Option 3: Docker container sandbox — full OS-level isolation

import subprocess
import json
import tempfile
import logging
import uuid
from pathlib import Path

logger = logging.getLogger(__name__)

def run_code_in_docker(
    code: str,
    language: str = "python",
    timeout_seconds: int = 10,
    memory_limit_mb: int = 128,
    network_disabled: bool = True
) -> dict:
    """
    Execute code in a fresh Docker container.
    Container is destroyed after execution — no persistence.
    Most secure option but requires Docker daemon.
    """
    container_name = f"sandbox-{uuid.uuid4().hex[:8]}"

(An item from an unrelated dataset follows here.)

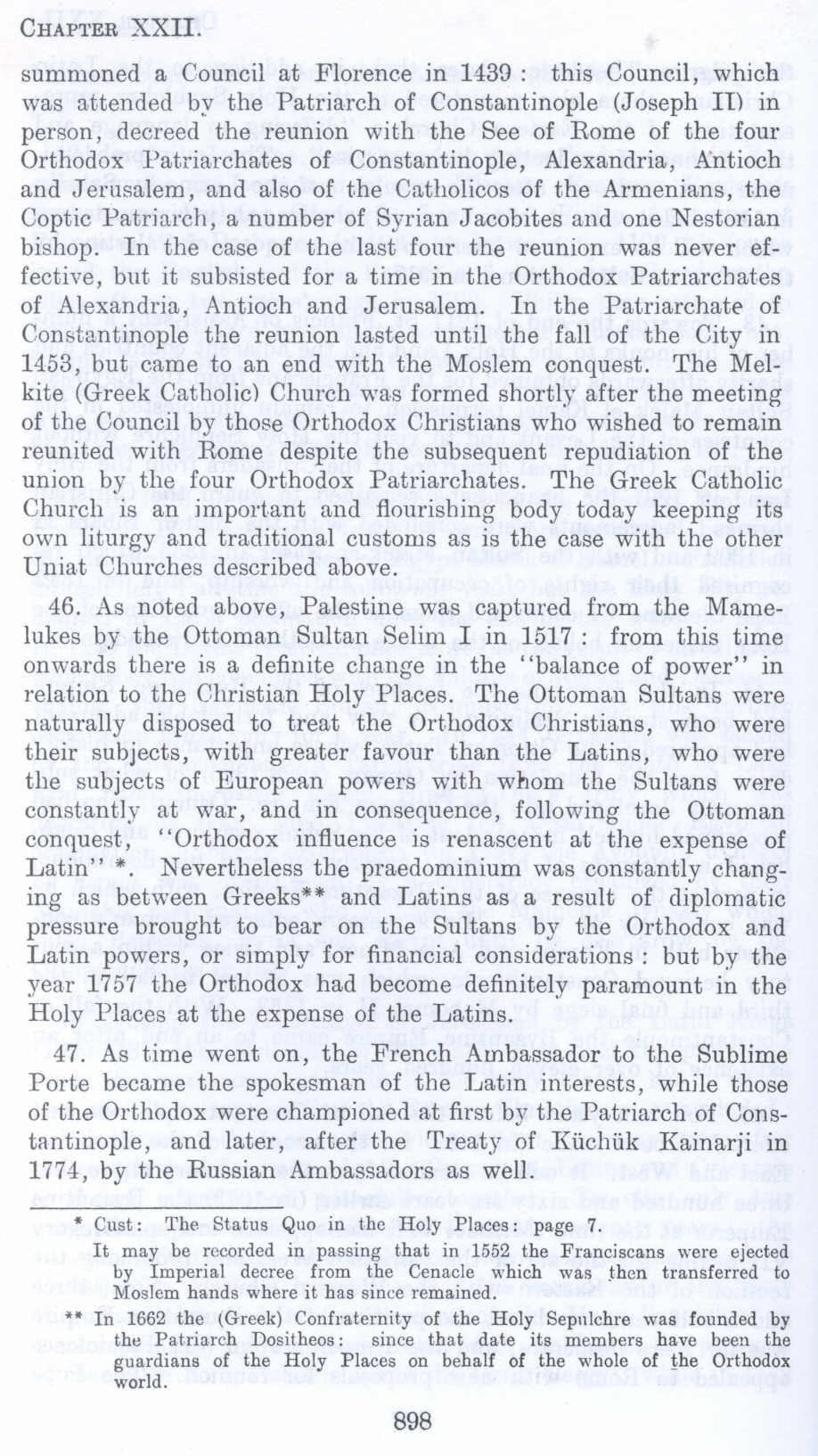 46. As noted above, Palestine was captured from the Mamelukes by the Ottoman Sultan Selim I in 1517 : from this time onwards there is a definite change in the "balance of power" in relation to the Christian Holy Places. The Ottoman Sultans were naturally disposed to treat the Orthodox Christians, who were their subjects, with greater favour than the Latins, who were the subjects of European powers with whom the Sultans were constantly at war, and in consequence, following the Ottoman conquest, "Orthodox influence is renascent at the expense of Latin"*. Nevertheless the praedorninium was constantly changing as between Greeks** and Latins as a result of diplomatic pressure brought to bear on the Sultans by the Orthodox and Latin powers, or simply for financial considerations : but by the year 1757 the Orthodox had become definitely paramount in the Holy Places at the expense of the Latins.

    with tempfile.TemporaryDirectory() as tmpdir:
        # Write code to file
        if language == "python":
            code_file = Path(tmpdir) / "code.py"
            run_cmd = ["python3", "/sandbox/code.py"]
        elif language == "javascript":
            code_file = Path(tmpdir) / "code.js"
            run_cmd = ["node", "/sandbox/code.js"]
        else:
            return {"success": False, "error": f"Unsupported language: {language}"}

        code_file.write_text(code)

        docker_cmd = [
            "docker", "run",
            "--rm",                                    # Remove container after exit
            "--name", container_name,
            "--memory", f"{memory_limit_mb}m",        # Memory limit
            "--memory-swap", f"{memory_limit_mb}m",   # No swap
            "--cpus", "0.5",                          # Half a CPU core
            "--pids-limit", "50",                     # Max 50 processes
            "--read-only",                             # Read-only root filesystem
            "--tmpfs", "/tmp:size=10m",               # Writable /tmp only
            "--security-opt", "no-new-privileges",    # Can't gain privileges
            "--cap-drop", "ALL",                      # Drop all Linux capabilities
        ]

        if network_disabled:
            docker_cmd += ["--network", "none"]       # No network access

        docker_cmd += [
            "-v", f"{tmpdir}:/sandbox:ro",            # Mount code read-only
            "python:3.11-alpine",                     # Minimal base image
        ] + run_cmd

        try:
            result = subprocess.run(
                docker_cmd,
                capture_output=True,
                timeout=timeout_seconds + 5,  # Give Docker a few extra seconds
            )
            return {
                "success": result.returncode == 0,
                "stdout": result.stdout.decode("utf-8", errors="replace")[:10_000],
                "stderr": result.stderr.decode("utf-8", errors="replace")[:5_000],
                "returncode": result.returncode
            }
        except subprocess.TimeoutExpired:
            # Kill the container if it's still running
            subprocess.run(["docker", "kill", container_name], capture_output=True)
            return {"success": False, "error": f"Timed out after {timeout_seconds}s"}
        except FileNotFoundError:
            return {"success": False, "error": "Docker not available"}

Option 4: Code review before execution — use Claude to audit generated code

import anthropic
import json
import logging

logger = logging.getLogger(__name__)
client = anthropic.Anthropic()

DANGEROUS_PATTERNS = [
    "os.system", "subprocess", "exec(", "eval(",
    "open(", "__import__", "importlib",
    "socket", "urllib", "requests", "httpx",
    "shutil.rmtree", "os.remove", "pathlib.unlink",
    "os.environ", "dotenv",
]

def quick_pattern_check(code: str) -> list[str]:
    """Fast string-based check for obvious dangerous patterns."""
    return [p for p in DANGEROUS_PATTERNS if p in code]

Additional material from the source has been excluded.